We did it ourselves.  Potentially, if I had an open wallet and a blank cheque book, would we use a third-party? Yes, of course we would, but at the moment that option is just not there.

Return on investment would be not being attacked. Have we seen any? No. Has it identified certain things? Yes. The way we've got to look at return on investment is, all of a sudden we're less vulnerable to attacks. That's a hard measurement to define. Ultimately, not being attacked, and our reputation, is worth a lot more than just a dollar figure.

The cost-effectiveness of SandBlast is knowledge and understanding what is happening on our network. Do we have some infections? Are we seeing certain things which, without this tool, we would be exposed to? Yes, we are seeing that.

Licensing comes free in that first year or is included in the base package. From a commercial point of view, it really just is the renewal cost, rather than a one-time fixed cost or buy-in. That's for new firewalls. For existing firewalls, we haven't even gotten to that point yet. They don't even want us to look at the pricing. First, we need to think about what the product does. Does it do what it says on the tin? And if it does, then it's a commercial thing. We have quite a good commercial model with Check Point, so we don't really need to worry about that too much. The pricing should be good.

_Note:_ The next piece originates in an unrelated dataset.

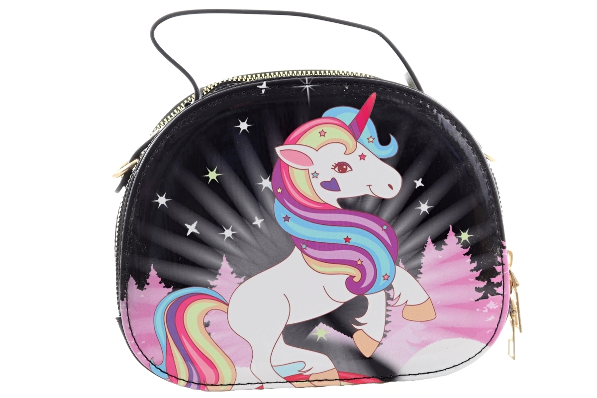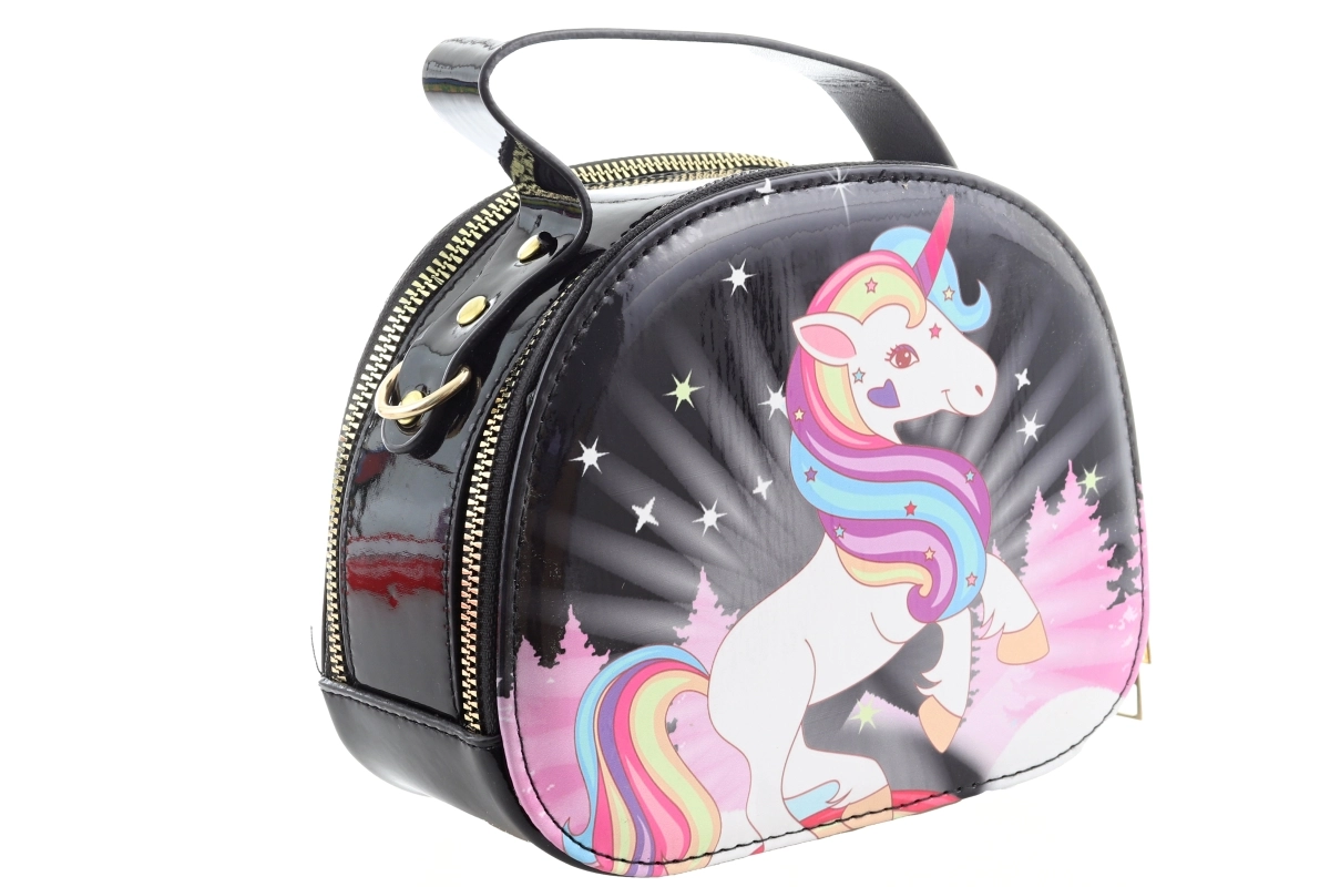Deze stijlvolle tas met een betoverend eenhoornmotief is een geweldige accessoire voor kinderen en tieners. Het glanzende, gemakkelijk afwasbare oppervlak en het stevige handvat zorgen voor comfortabel en langdurig gebruik. Dankzij één hoofdvak met rits zijn alle kleine spulletjes veilig opgeborgen.

The licensing, the way they've changed it, is a positive and a negative. Ultimately, Check Point has changed how it operates and now we have to go back and retrofit.

If this does everything it says it does, I don't see any reason that we would use a different product, because this integrates so well with existing Check Point products.

What we've gained is more of an understanding of what's on our network. If I were to go and do this again from scratch, I probably would have looked to integrate more with our Check Point sales team and would have gotten more help from them.

My advice would be to involve your SE. He can help you through a lot more of the options when you deploy.

We don't use the solution’s Management Platform for the creation of virtual endpoint management services in the cloud. We haven't got to that cloud point yet. It's something we could do, potentially. We're going to work with our account team about that. But that's the one of the lessons learned: We did it by just playing around with it rather than doing a full deployment.

I would rate it at nine out of 10. What comes to mind is its effectiveness. Normally, I don't get involved in the costing too much. Is it doing everything that it said it was going to do? Yes it is, at the moment. Could it be enhanced more? Sure. But we have a relationship with Check Point and they do deliver on the RFEs for us. If we say we want it to do this, they'll get their engineering team looking at that.